What is required -> From the line with "DURI (MR) - Guna" to the line with "平日の夜に毎年恒例の駐車場のライン引きをしました。", retype each line exactly as it stands in the records below, but skip the pictures.

Extracted data ->

···

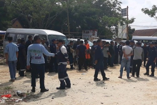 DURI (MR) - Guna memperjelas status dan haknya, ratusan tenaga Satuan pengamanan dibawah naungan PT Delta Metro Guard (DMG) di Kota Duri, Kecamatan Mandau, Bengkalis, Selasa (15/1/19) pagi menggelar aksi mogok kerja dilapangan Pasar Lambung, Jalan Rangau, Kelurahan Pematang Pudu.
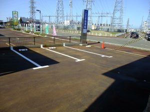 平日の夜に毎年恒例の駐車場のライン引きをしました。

···

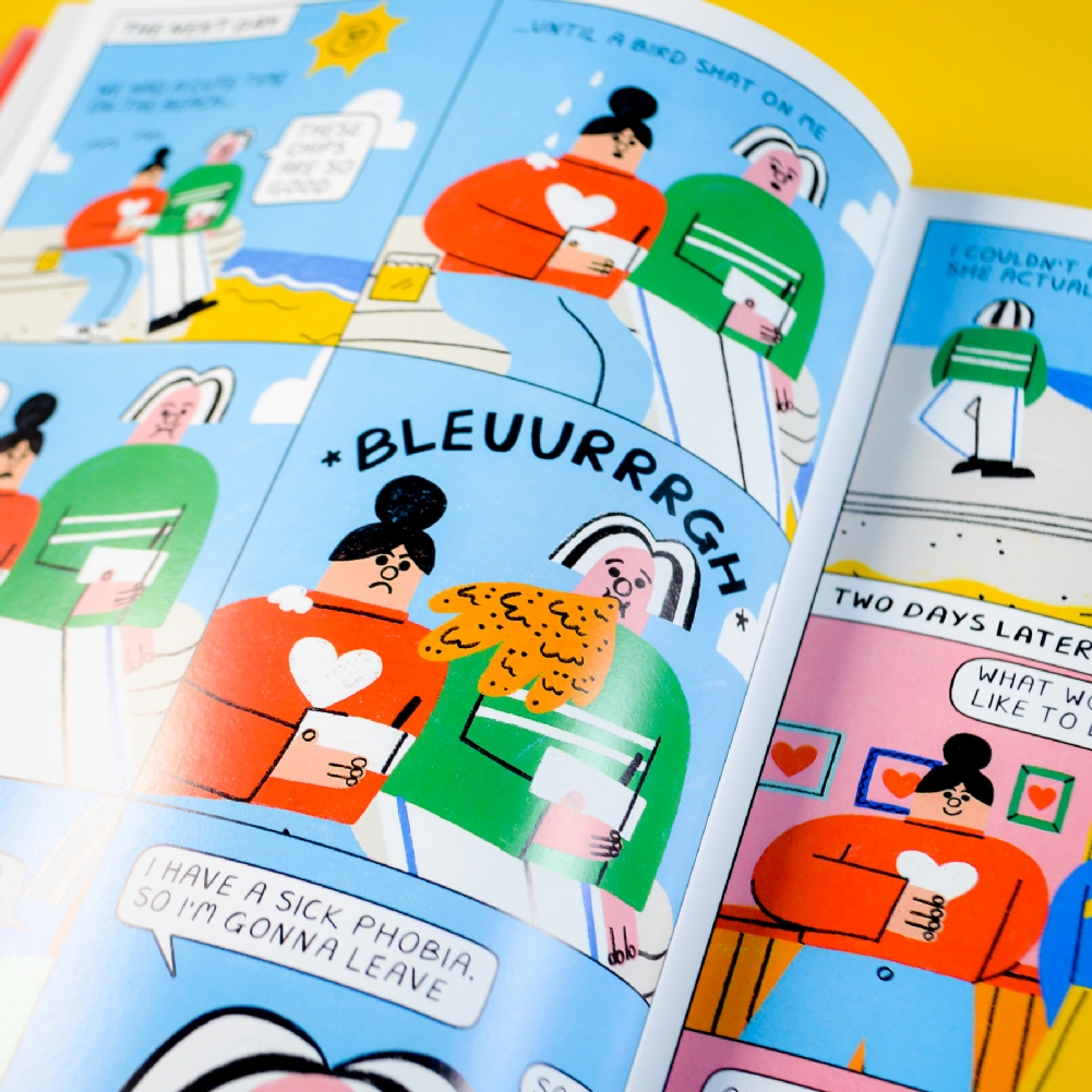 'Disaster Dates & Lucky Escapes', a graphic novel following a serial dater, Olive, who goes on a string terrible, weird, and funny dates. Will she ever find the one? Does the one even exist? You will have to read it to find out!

···

Written solution ->
 DURI (MR) - Guna memperjelas status dan haknya, ratusan tenaga Satuan pengamanan dibawah naungan PT Delta Metro Guard (DMG) di Kota Duri, Kecamatan Mandau, Bengkalis, Selasa (15/1/19) pagi menggelar aksi mogok kerja dilapangan Pasar Lambung, Jalan Rangau, Kelurahan Pematang Pudu.
 平日の夜に毎年恒例の駐車場のライン引きをしました。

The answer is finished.